1945年、フロリダ州タンパで生まれたデビッド・サンボーンは、今年74歳で現役バリバリのアルトサックス奏者です。幼少の頃小児マヒにかかり、医師のすすめでリハビリとしてアルトサックスを始めました。角度のきつい独特なアンブシャはその影響と言われています。 15才の時にはすでに地元のブルース・バンドでプレイし、アルバート・キング等のミュー ジシャンと共演しています。大学で音楽を学んだ後、スティーヴィー・ワンダー、デヴィッド・ボーイ、ローリングストーンズ等のツアーメンバーとして演奏したり、B.B.キング、ジェイムス・ブラウンらのレコーディングに参加したりと、トップ・スタジオ・ミュージシャンとして活躍しました。その後ポール・サイモン、ジェイムス・テイラー、リンダ・ロンシュタット、カーリー・サイモン、チャカ・カーン、イーグルス等のレコーディングにも参加し、彼の独特なサウンドによって個性溢れるアルトサックス奏者として注目されるようになります。 そして1975年、ワーナーブラザーズから初リーダー作『テイキング・オフ』を発表。1980 年発表の『ハイダウェイ』は大ヒットし、ゴールドディスクを受賞。1981年には『夢魔』 でグラミー賞最優秀R&Bインストウルメンタル賞を受賞し、現在も唯一無二の、ジャズ/フュージョン界No.1のアルトサックス・プレイヤーとして支持されています。

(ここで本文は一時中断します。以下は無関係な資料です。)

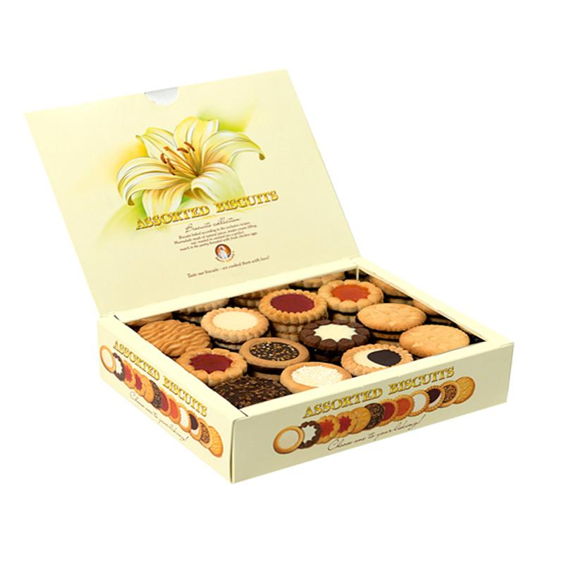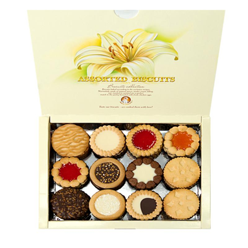 Печенье сдобное Бискотти ассорти 12 видов - это великолепная коллекция высококачественного печенья, которая включает в себя наибольшее разнообразие яркого, красивого, вкуснейшего печенья. Пожалуй, лучший вариант для ознакомления с множеством достойных видов печенья Бискотти, способный подарить приятные впечатление и настоящее удовольствие от наслаждения прекрасным лакомством. Презентабельная фирменная упаковка с 12 видами печенья внесет праздничную атмосферу в домашнее чаепитие, а также послужит жестом внимания, благодарности, любви и заботы к дорогим и близким людям. В составе изумительного ассорти представлены следующие варианты печенья: Коста Браво апельсин - сдобное печенье, сочетающее в себе начинку из яркого апельсинового мармелада, с нежным слоем шоколадной глазури. Стоит отметить, что мармелад варится на натуральном соке. Коста Браво вишня сочетает насыщенный вкус вишневого мармелада, сваренного на натуральном соке, сдобное печенье и тонкий слой шоколадной глазури. Бискотти с апельсиновым мармеладом - удачный тандем цитрусовых нот нежной начинки и хрустящего печенья. Бискотти с вишневым мармеладом - не менее яркий и гармоничный вкус для тех, кто любит насыщенные нотки вишни. Бискотти с кремом - изумительное рассыпчатое печенье с нежным кремом и шоколадной глазурью - это настоящее произведение кондитерского искусства: великолепный вкус и услада для глаз! Бискотти шокко - печенье с шоколадной глазурью, ничего лишнего, гармоничный союз. Бискотти с орехом - ароматное печенье с тертым орехом в тесте и в шоколадной начинке. Декор из дробленного фундука в карамели и шоколадная глазурь на донышке идеально подчеркивают насыщенный вкус этого безупречного десерта. Бискотти с кокосом - это настоящее счастье для гурмана. Нежное сочетание сдобного теста с кокосовой начинкой не оставляет никого равнодушным. Кроме того, тертое ядро кокоса добавляется в состав теста и служит внешней посыпкой печенья. Красивое, белоснежное и такое вкусное. Невозможно пройти мимо. Бискотти ноттэ - это контрастное лакомство, созданное из темного печенья и белого крема в начинке. Прекрасное сочетание идеально подчеркивается шоколадной глазурью, доставляя истинное наслаждение своим поклонникам. Печенье с фундуком и шоколадом - выпечка из теста с тертым орехом, декорированное дробленным орехом сверху и нежным шоколадом и бисквитными хлопьями снизу. Не тает в руках. Удивительно насыщенный и яркий вкус! Печенье Нежное - изумительно нежное, тающее во рту печенье, которое удивит внешней простотой и очарует прекрасным вкусом. Печенье сдобное Неробьянко - это чудесное рассыпчатое печенье, украшенное контрастным тандемом шоколадного и молочного крема с шоколадной глазурью на донышке. Глазированное, хрустящее и по-настоящему вкусное - оно оставляет лишь приятные впечатления. Попробуйте печенье Бискотти Ассорти, выберите для себя самый любимый вариант или наслаждайтесь удивительным многообразием великолепных начинок на ароматном печенье. Состав: мука пшеничная в/с, сахарная пудра, молочный шоколад (сахар, какао-масло, молоко сухое цельное, какао тертое, сыворотка сухая молочная, эмульгатор лецитин, ароматизатор ванилин), жир растительный, начинка - масса молочная (сахар, жир растительный, молоко сухое обезжиренное, эмульгатор лецитин, антиоки

デビッド・サンボーンを「新しいアルトサックスを作り出した」と形容する音楽ファン達がいます。それだけ彼のアルトサックスの音色はユニークで、それまでに無かった「新しいサックスの音」を聴衆に届けました。ハイバッフルのメタルマウスピースで、シャープでパ ーカッシブなサウンドを奏でるアルト奏者のほとんどが、デビッド・サンボーンの信者です。 極端な話し、アルト奏者は「サンボーン系」と「それ以外」に区分しても良いくらいだと思います。それだけサンボーンは個性的です。
虚実入り混じったサンボーンの「個性」を確認してみましょう。ブリルハート・レベルエアやデュコフ・メタルなど、マウスピースは一貫して「細身のハイバッフル」。楽器はすべて14万番台のアメセル・マークVI(3–4本所有:本人談)。楽器全体のネジをすべて弛めることで、響きが得られるとのこと。サムフックが動くほどネジがゆるいし、ネックジョイントもスカスカ。とにかく生音がでかい。煙草も酒もやらず、食生活には特に気を遣っている。毎日パパイヤをたくさん食べるらしい。リードはバンドレンV16の3-1/2…、あ、厚い (汗、デュコフのD8にこんな硬いリードでは、普通音が出ないと思います)。リガチャーはハリソンのゴールドプレート。サンボーンのファズトーンはとりわけ凄い。良く使うのはハイFとハイF#の高音域。捻って出すグロートーンとは似て非なるもので、ファズトーンは重音奏法(複数の音を同時に鳴らす)のひとつ。サンボーンの奏法を解説している本は結構ある。 リーダーアルバム24枚、グラミー賞6回受賞、ゴールドディスク8枚、プラチナディスク 1枚。うん、やっぱ、サンボーンは凄い。